Contract assets include amounts due under retainage provisions, costs and estimated earnings in excess of billings and capitalized contract costs. The amounts as included on the Condensed Consolidated Balance Sheets consisted of the following:
(in thousands)As of June 30,
2021
As of December 31,
2020
Retainage receivable$683,966 $648,441 
Costs and estimated earnings in excess of billings:
Claims821,206 752,783 
Unapproved change orders430,138 415,489 
Other unbilled costs and profits95,630 68,462 
Total costs and estimated earnings in excess of billings1,346,974 1,236,734 
Capitalized contract costs82,625 74,452 
Total contract assets$2,113,565 $1,959,627 
Retainage receivable represents amounts invoiced to customers where payments have been partially withheld pending the completion of certain milestones, satisfaction of other contractual conditions or the completion of the project. Retainage agreements vary from project to project, and balances could be outstanding for several months or years depending on a number of circumstances such as contract-specific terms, project performance and other variables that may arise as the Company makes progress toward completion.
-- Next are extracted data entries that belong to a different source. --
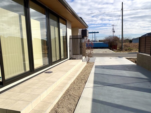以前新築外構をさせていただいたお客様のご実家の、姫路市のM様より新築外構のご依頼をいただきました。平屋のお家に合う、落ち着いた外構をご希望でした。
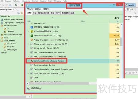 7、 运行时若出现错误提示,不必惊慌。常见原因是Tomcat服务端口被占用,通常是因为该服务已处于运行状态。此时可按下Ctrl+Alt+Delete键打开任务管理器,查找并结束正在运行的Tomcat进程,随后重新启动服务即可恢复正常运行,问题将迎刃而解。
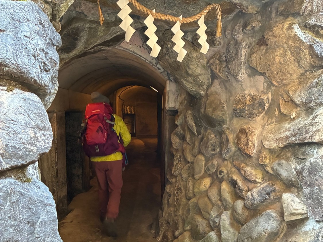 甲府駅に8時30分に集合した14名で、タクシーに分乗。登山口のフェンスを開いていざ!朝の雨がうそのように青空が広がる。登山道はふっかふかで心地良い。静かな森林帯に突然現れた奇岩は、歌川広重が描いたと言われ、歴史を感じる。広い森林は美しく、ロマンチックだ。落ち葉に赤や黄色も混じり、自然と歩みが進む。「写真撮りたかったら止まるので言ってねぇ」と、天使の声に笑みがこぼれる。
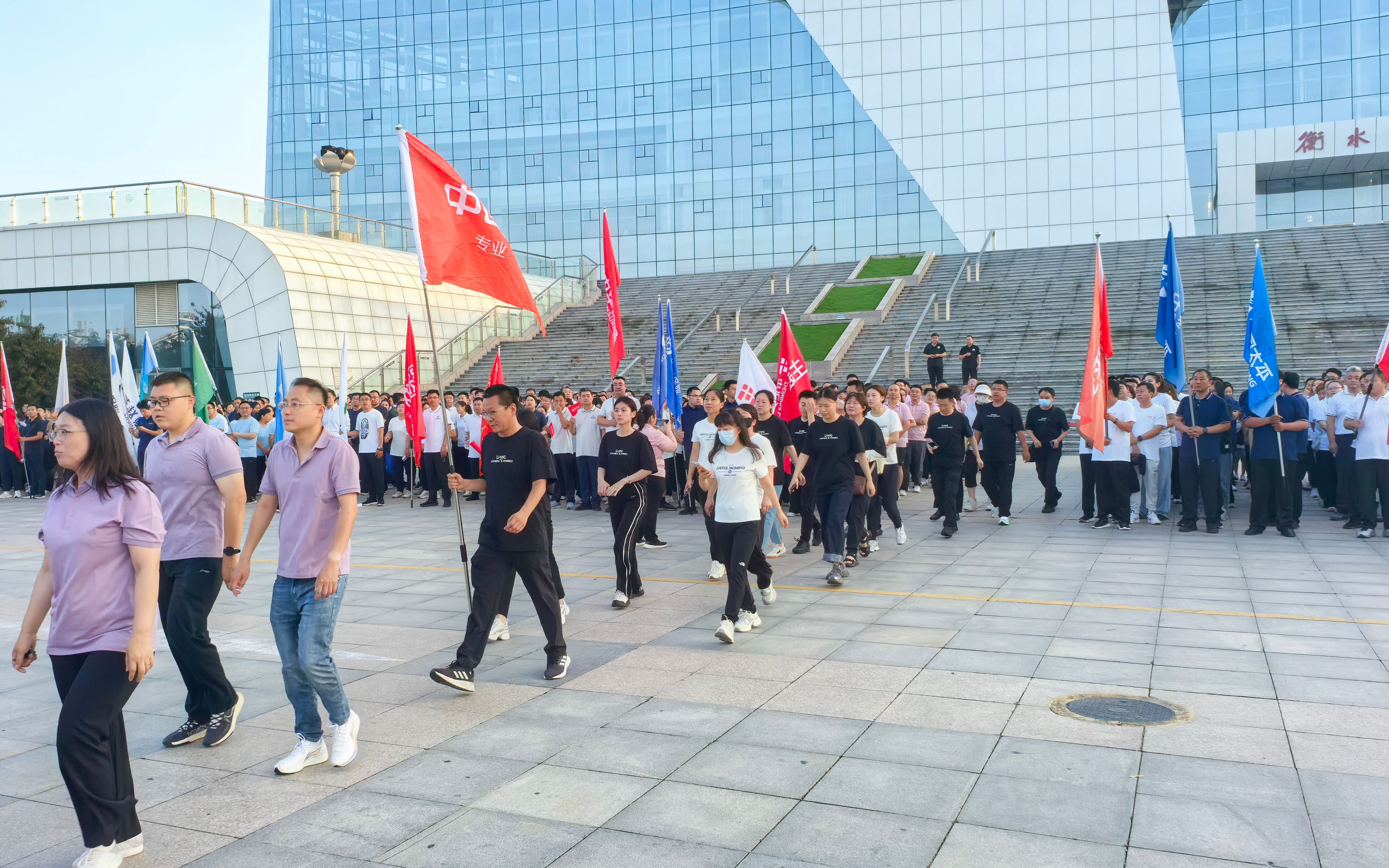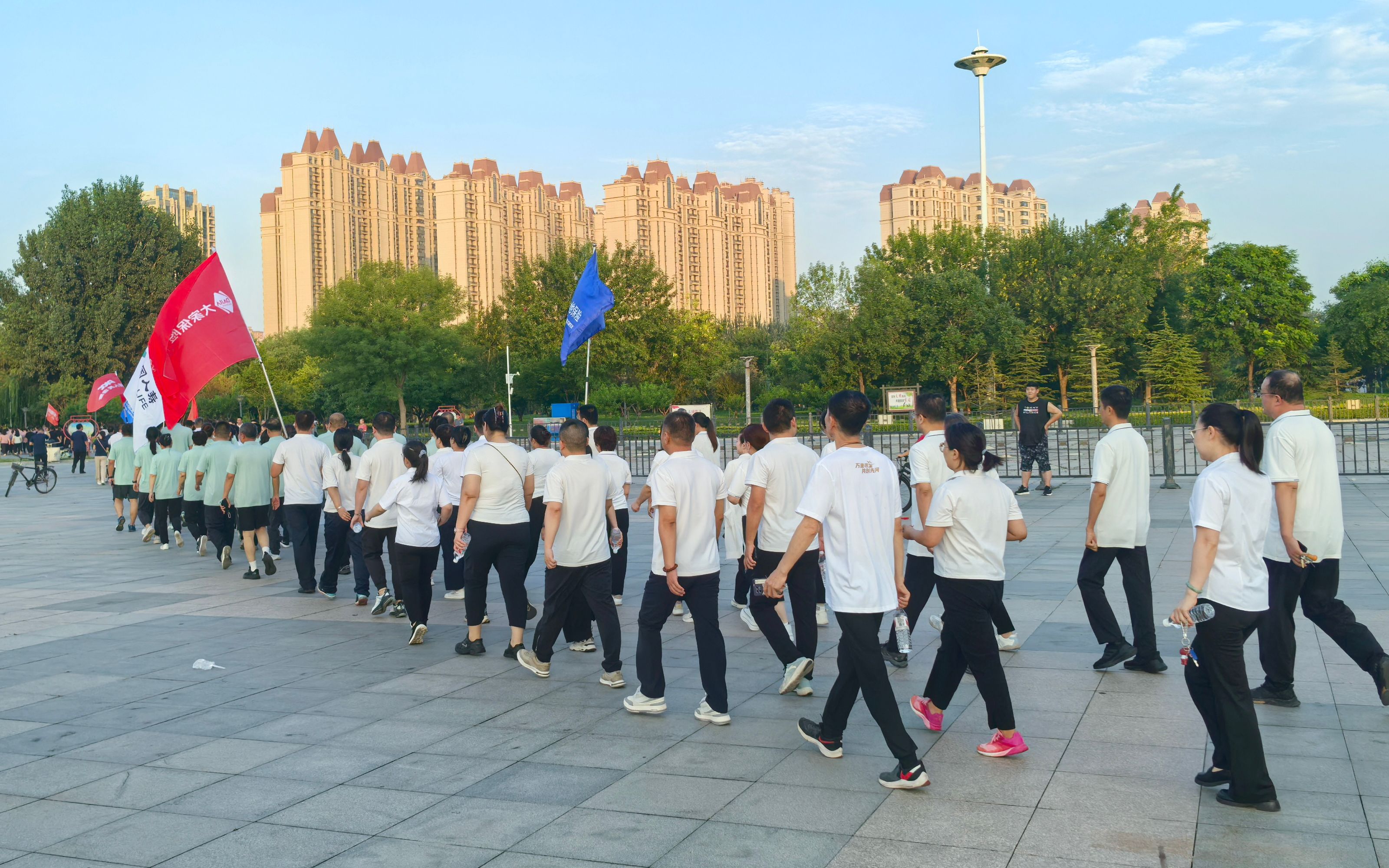 当日清晨5点30分,滏阳河畔的衡水市保利大剧院正门台阶处已是人声鼎沸,来自协会及44家保险公司的700余名员工身着统一服装,整齐列队,准备踏上这场意义非凡的健步之旅。
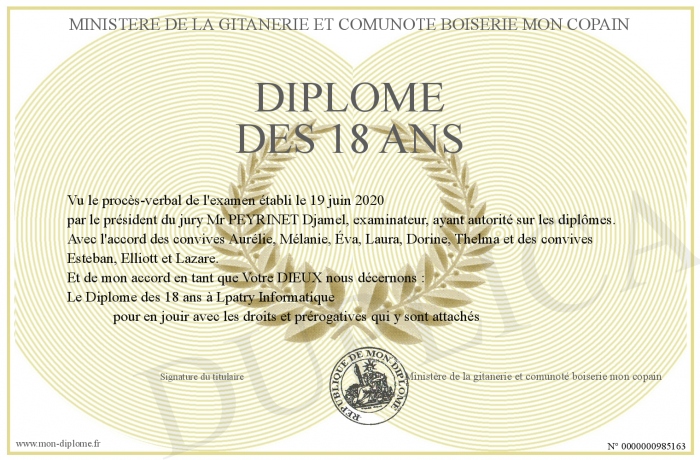 Envoyez par email votre Diplôme des 18 ans personalisé

Costs and estimated earnings in excess of billings represent the excess of contract costs and profits (or contract revenue) over the amount of contract billings to date and are classified as a current asset. Costs and estimated earnings in excess of billings result when either: (1) the appropriate contract revenue amount has been recognized over time in accordance with ASC 606, Revenue from Contracts with Customers (“ASC 606”), but a portion of the revenue recorded cannot be billed currently due to the billing terms defined in the contract, or (2) costs are incurred related to certain claims and unapproved change orders. Claims occur when there is a dispute regarding both a change in the scope of work and the price associated with that change. Unapproved change orders occur when a change in the scope of work results in additional work being performed before the parties have agreed on the corresponding change in the contract price. The Company routinely estimates recovery related to claims and unapproved change orders as a form of variable consideration at the most likely amount it expects to receive and to the extent it is probable that a significant reversal of cumulative revenue recognized will not occur when the uncertainty associated with the variable consideration is resolved. Claims and unapproved change orders are billable upon the agreement and resolution between the contractual parties and after the execution of contractual amendments. Increases in claims and unapproved change orders typically result from costs being incurred against existing or new positions; decreases normally result from resolutions and subsequent billings. As discussed in Note 11, the resolution of these claims and unapproved change orders may require litigation or other forms of dispute resolution proceedings. Other unbilled costs and profits are billable in accordance with the billing terms of each of the existing contractual arrangements and, as such, the timing of contract billing cycles can cause fluctuations in the balance of unbilled costs and profits. Ultimate resolution of other unbilled costs and profits typically involves incremental progress toward contractual requirements or milestones.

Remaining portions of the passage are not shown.